Ministry of Environmental Conservation and Forestry
- Seal of the Ministry of Environmental Conservation and Forestry

Agency overview
- Formed: 1948
- Preceding agencies: Ministry of Agriculture; Ministry of Forestry and Forests;
- Dissolved: March 30, 2016
- Superseding agency: Ministry of Natural Resources and Environmental Conservation;
- Jurisdiction: Government of Myanmar
- Headquarters: Naypyidaw 19°49′16″N 96°07′54″E﻿ / ﻿19.8210144°N 96.1316358°E
- Minister responsible: Khin Maung Yee;
- Deputy Minister responsible: Incumbent;
- Child agencies: Minister’s Office; Planning and Statistics Department; Forest Department; Dry Zone Greening Department; Myanma Timber Enterprise; Survey Department; Environmental Conservation Department;
- Website: www.moecaf.gov.mm

= Ministry of Environmental Conservation and Forestry (Myanmar) =

The Ministry of Environmental Conservation and Forestry (ပတ်ဝန်းကျင်ထိန်းသိမ်းရေးနှင့် သစ်တောရေးရာ ဝန်ကြီးဌာန) was a ministry in the government of Myanmar responsible for the country's forestry and logging sectors. From 1948 to 5 March 1992, the Ministry was joined with the Ministry of Agriculture and Irrigation as the Ministry of Agriculture and Forests.

The Ministry was organized as Ministry of Natural Resources and Environmental Conservation by combination of Ministry of Mines.

== Organisations ==
The Ministry of Environmental Conservation and Forestry includes the following departments;
- Planning and Statistics Department
- Forest Department
- Dry zone Greening Department
- Environmental Conservation Department
- Survey Department
- Myanma Timber Enterprise

=== Planning and Statistics Department ===
The department is responsible for evaluation and monitoring the implementation of the forest policies, production and work targets, short and long-term planning and the project achievements of the Ministry of Environmental Conservation and Forestry.

The department coordinates with other Department and Enterprise within the Ministry of Environmental Conservation and Forestry on cases such as planning and statistics, international relations, business on wood-based industry, technical assistance from abroad and timber trade.

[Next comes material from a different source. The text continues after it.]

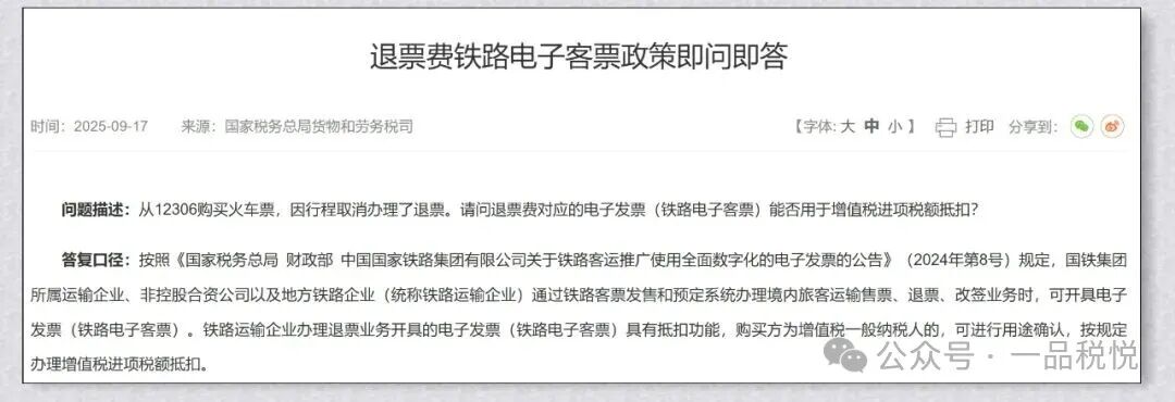 总局最新的这个解答好:退票费铁路电子客票能抵扣进项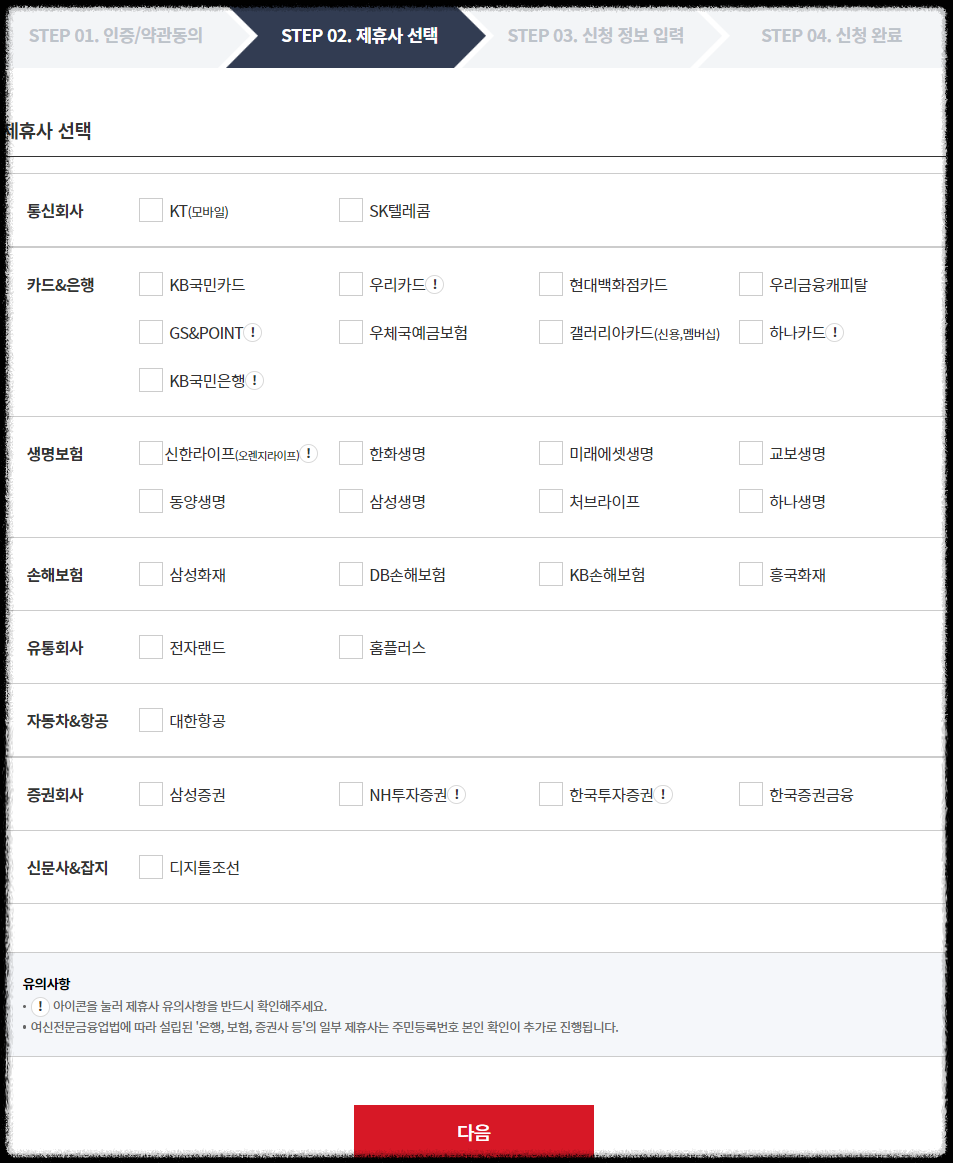 7. 인증을 하고 나면 변경할 제휴사를 선택하는 화면으로 이동합니다. 제휴사 중 원하는 회사를 선택한 후 "다음" 버튼을 클릭합니다.

The department is also responsible for evaluating and monitoring the implementation of planned targets of individual organisations under the Ministry to ensure the annual progress of the GDP accordingly. The activities of the department involve promotion of relation with international organisations, provision of assistance in the implementation of the projects by liaisoning with other Ministries, departments and international organisations. The department initiates appropriate regulations, reviews the market situation, observes the Government inputs and reports to the authorities concerned occasionally.

=== Forest Department ===
Since its inception 140 years ago, the Forest Department, in various forms through different areas and systems, has successfully performed its protection and production functions in harmony, based upon a policy of sustainable utilisation of valuable forest resources . While endeavouring to promote the status of the nation's economy, the Forest Department has been meeting the people's basic needs for timber, fuelwood, bamboo and other forest products using the methods of extraction with the least impact on the natural environment.

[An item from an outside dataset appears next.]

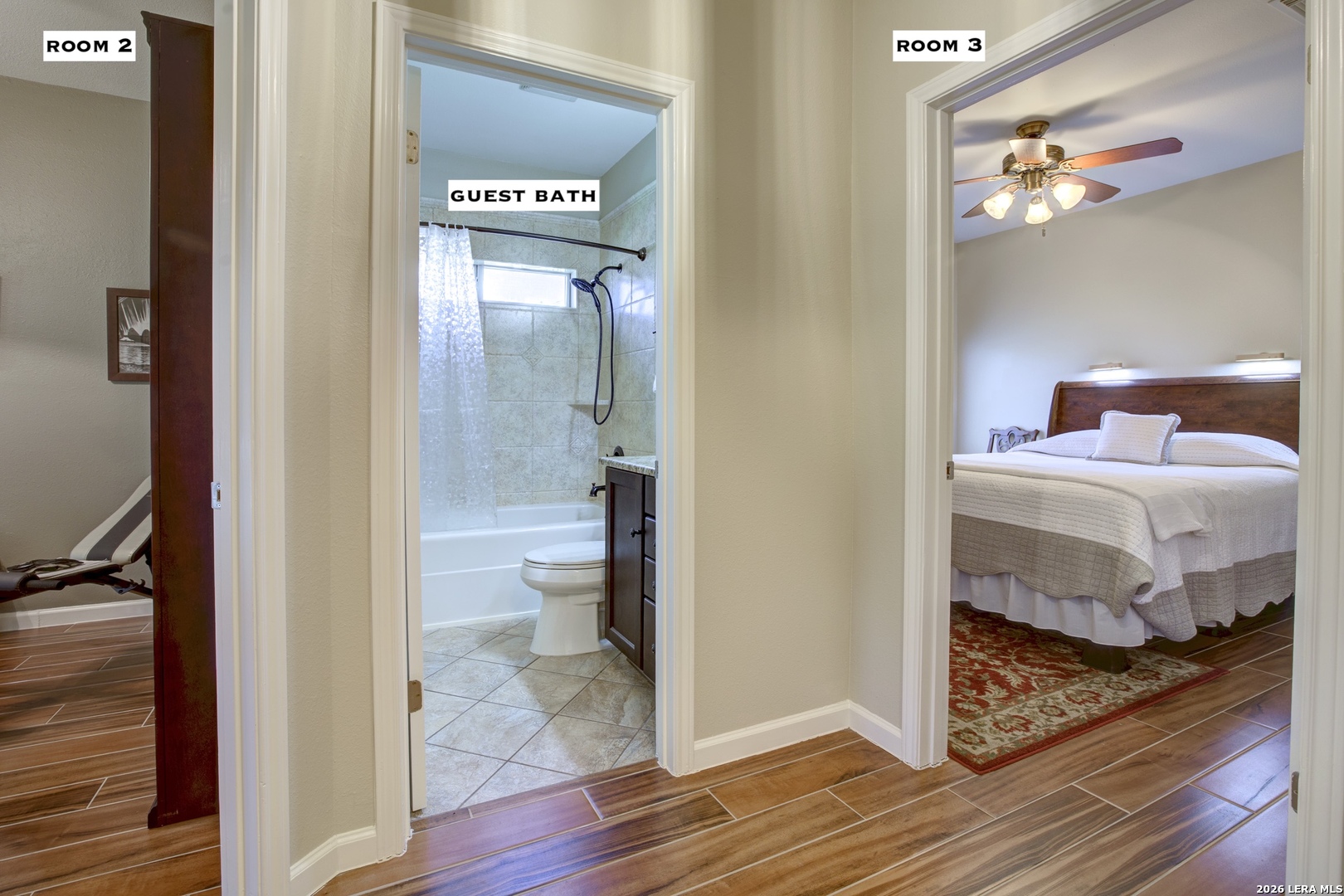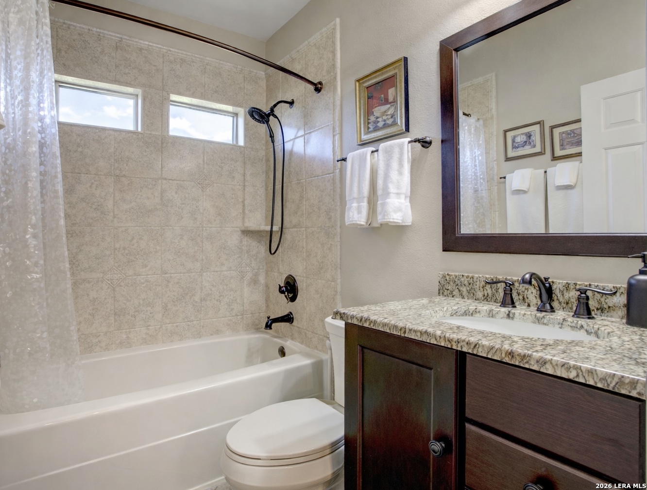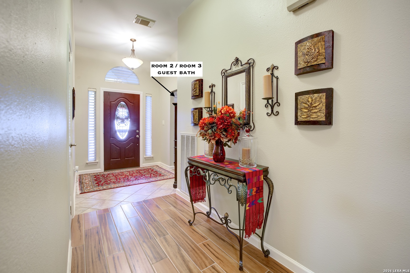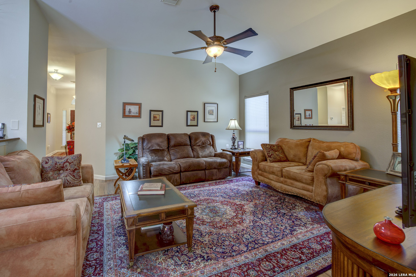 Cute garden home in 55+ community of Scenic Hills in Schertz. (one owner must be over 55). This home has 3 bedrooms, 2 bathrooms, ceramic and wood tile flooring throughout (no carpet), window coverings, generous kitchen storage, granite countertops, and an office/sunroom off the dining area. Outside you have 4 side brick masonry, 2 car garage with epoxy flooring, full gutters and large shade tree. HOA fee covers complete front and back yard maintenance - mowing, edging, watering, and sprinkler upkeep - so there is nothing to worry about outside your front door. The 24/7 staffed gate keeps the community private and secure, and full access to the clubhouse, pool, fitness center, and all amenities is included. Each homeowner also receives one complimentary secure storage space for an RV/boat with electronic access. On top of all that, a packed social calendar means a built-in community is right outside your door. Active living with small town charm.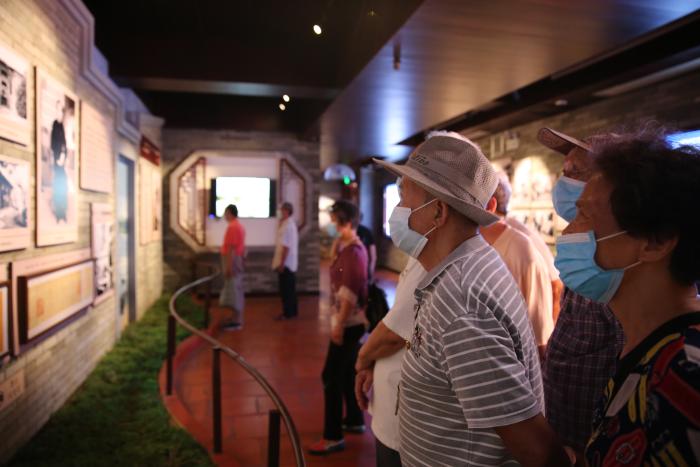 老黨員(yuán)們駐足觀看革命先烈遺(yí)物

=== Dry zone Greening Department ===
Dry Zone Greening Department (DZGD) was formed under Ministry of Environmental Conservation and Forestry on 22 July 1997 with specific aim to implement greening of central Dry Zone of Myanmar. Headquarters consists of Director General's office, Admin Division, Planning Division and Engineering Division. Territorial offices include regional director offices, district offices and township offices. Sanctioned strength of the department is a total 3231, including 137 officers and 3094 staffs.

According to new amendment working area of Dry Zone Greening Department includes 3 regions, 12 districts and 54 townships (excluding Gangaw District), covering 20.17 million acres of dry land forests.

=== Environmental Conservation Department ===
The Environmental Conservation Department, one of the six departments under the Ministry of Environmental Conservation and Forestry is responsible for implementing National Environmental Policy, strategy, framework, planning and action plan for the integration of environmental consideration into in the national sustainable development process. And then to manage natural resources conservation and sustainable utilisation, the pollution control on water, air and land for the sustainable environment. And also to co-operate with other government organisations, civil society, private sectors and international organisations concerning with environmental management.

For example, the Myanmar Engineering Society has identified at least 39 locations capable of geothermal power production and some of these hydrothermal reservoirs lie quite close to Yangon which is a significant underutilized resource for power generation to accelerate rural economic development with minimal impact to the environment.

=== Survey Department ===
Survey Department mainly takes responsibilities for topographic mapping throughout the whole country and jointly carries out boundary demarcation works with neighbouring countries.